La personalidad del paciente, su cociente intelectual y el hemisferio donde se origina la crisis epiléptica son factores que evaluados conjuntamente ayudarían a predecir el éxito de este tipo de intervenciones, lo que resultaría de gran utilidad para los cirujanos. Los investigadores han llegado a estas conclusiones utilizando modelos predictivos basados en técnicas de aprendizaje automático, en trabajo conjunto, desarrollado por investigadores de la Universidad Politécnica de Madrid (UPM), el Consejo Superior de Investigaciones Científicas (CSIC) y el Hospital de la Princesa de Madrid,
La cirugía de la epilepsia es un mecanismo efectivo en la reducción del número y frecuencia de las crisis en pacientes con esta afección denominada epilepsia del lóbulo temporal. Sin embargo, una proporción significativa de estos pacientes continúan sufriendo crisis tras la intervención.

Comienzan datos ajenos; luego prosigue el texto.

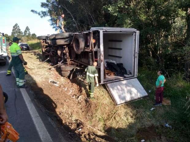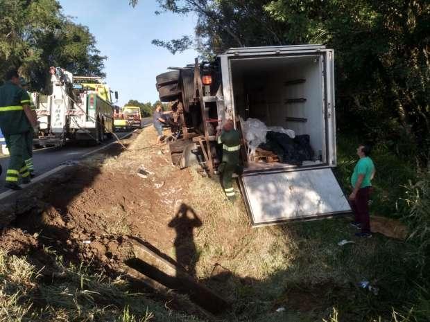 A carreta carregada com carne tombou no KM 405,5 da BR 277, em Candói, na manhã desta quinta-feira (13).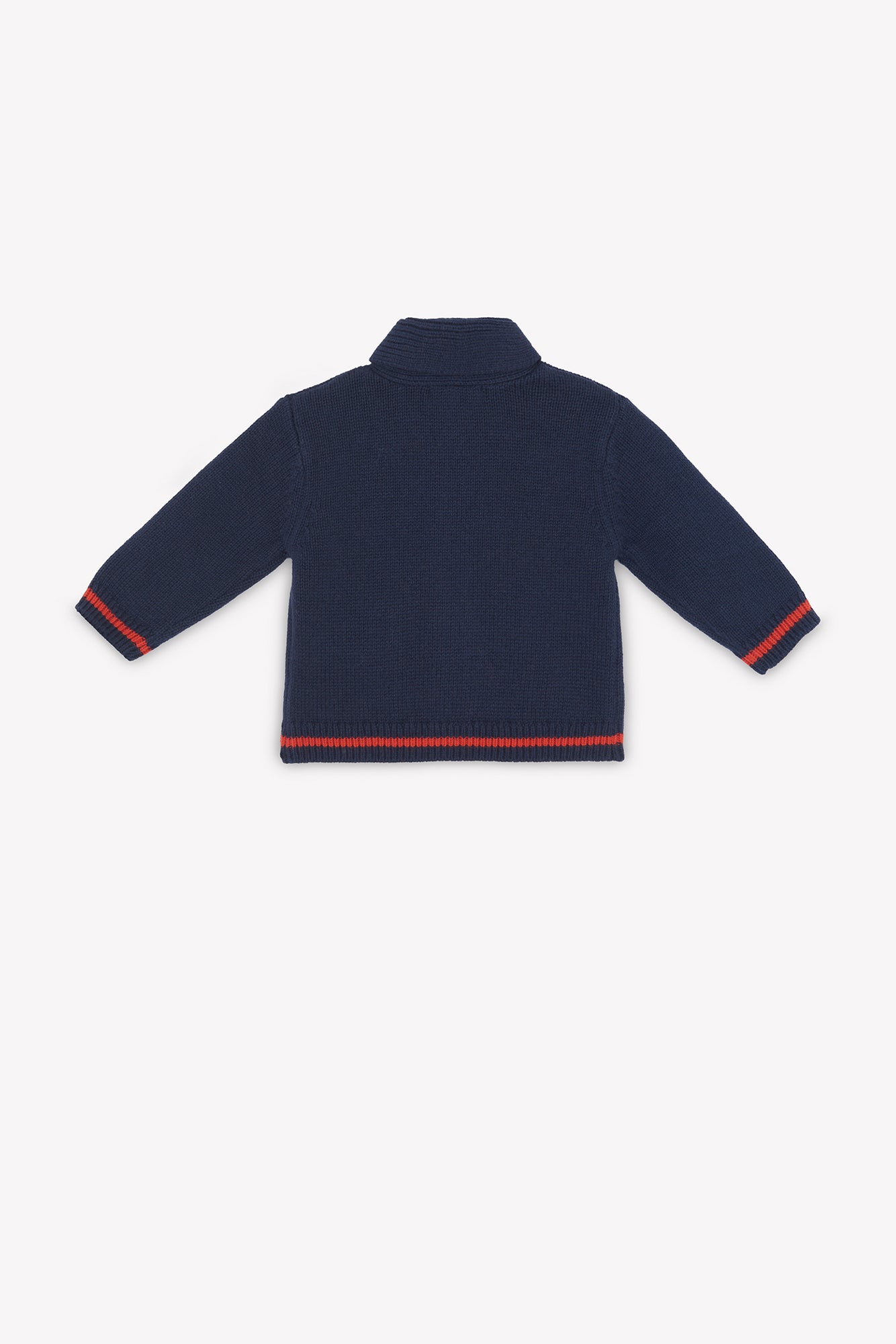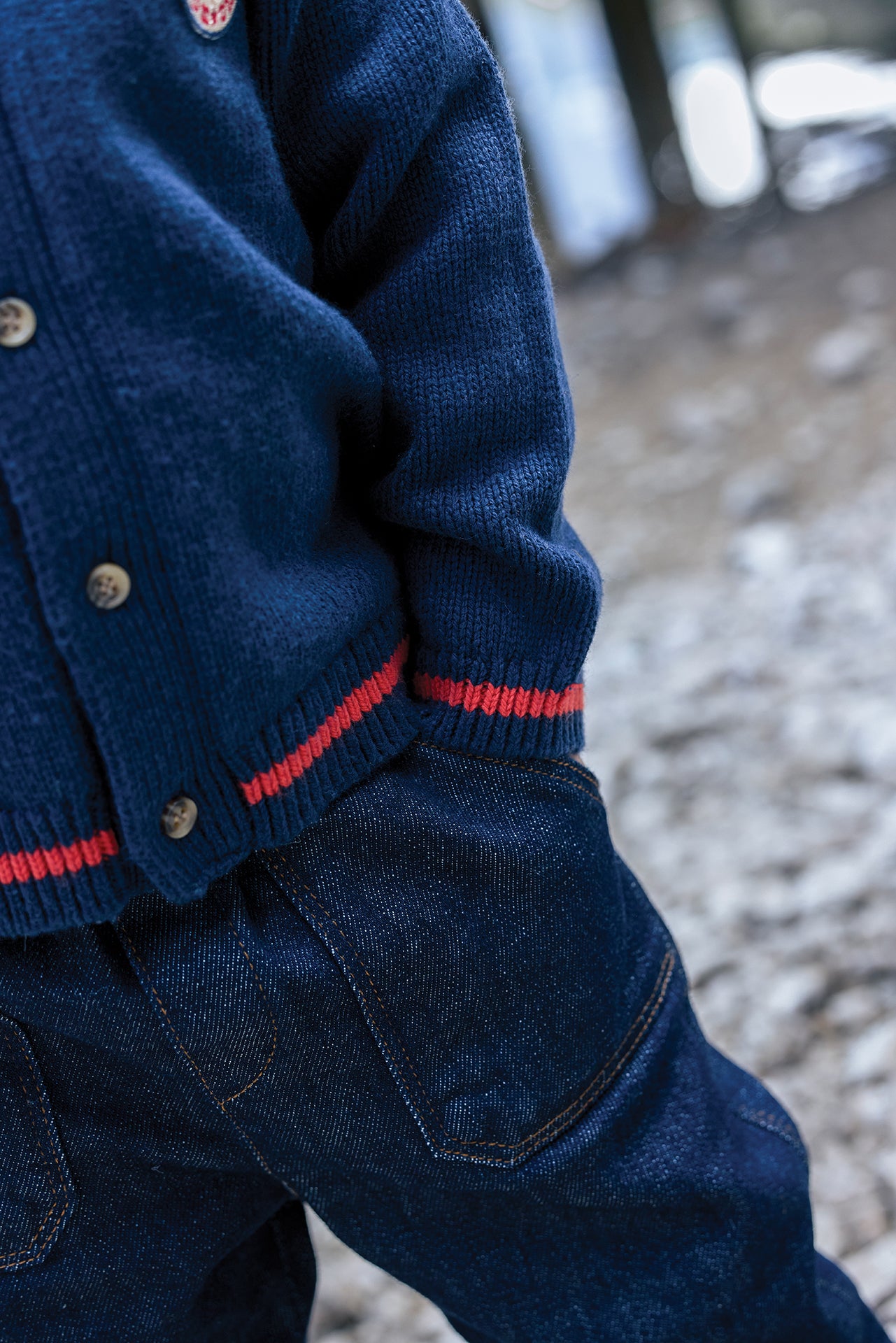 Le cardigan Hubert, en bleu brut, est l'allié parfait des petits cow-boys en herbe ! Inspiré de la collection "New Barn", il invite à l'aventure avec son col châle et son écusson Bonton en forme de montagne. Ce gilet en maille, doux et résistant, se ferme par de jolis boutons, offrant chaleur et style. À associer avec un jean ou un pantalon en velours pour un look western chic et confortable !

Con el objetivo de poder tener a priori información sobre el resultado de este tipo de cirugía, el equipo de investigadores, del que forma parte el Computational Intelligence Group de la Facultad de Informática de la UPM, ha evaluado la influencia de una batería de factores clínicos y psicológicos utilizando diferentes modelos predictivos desarrollados a partir de técnicas de aprendizaje automático*.
De entre todos los factores evaluados, tres han sido identificados como “muy relevantes”: la determinación del hemisferio donde se originan las crisis, el cociente intelectual del paciente y el tipo de personalidad (evaluado mediante el test de Rorschach). Haciendo uso de modelos matemáticos avanzados para su combinación, los investigadores han llegado a una tasa de éxito estimada del 90% a la hora de predecir el pronóstico tras la cirugía.
En opinión de los investigadores responsables, este estudio abre la puerta a la integración de modelos matemáticos complejos en la evaluación previa de estas intervenciones. Conocidas como herramientas de ayuda a la decisión, el equipo médico evaluador dispondría de resultados numéricos acerca del posible éxito del tratamiento quirúrgico.
Información bibliográfica completa*ARMAÑANZAS, R., ALONSO-NANCLARES, L., DEFELIPE-OROQUIETA, J., KASTANAUSKAITE, A., DE SOLA, R.G., DEFELIPE, J., BIELZA, C. & LARRAÑAGA, P. (2013). “Machine learning approach for the outcome prediction of temporal lobe epilepsy surgery”. PLoS ONE, 8(4), e62819 APR 30 2013.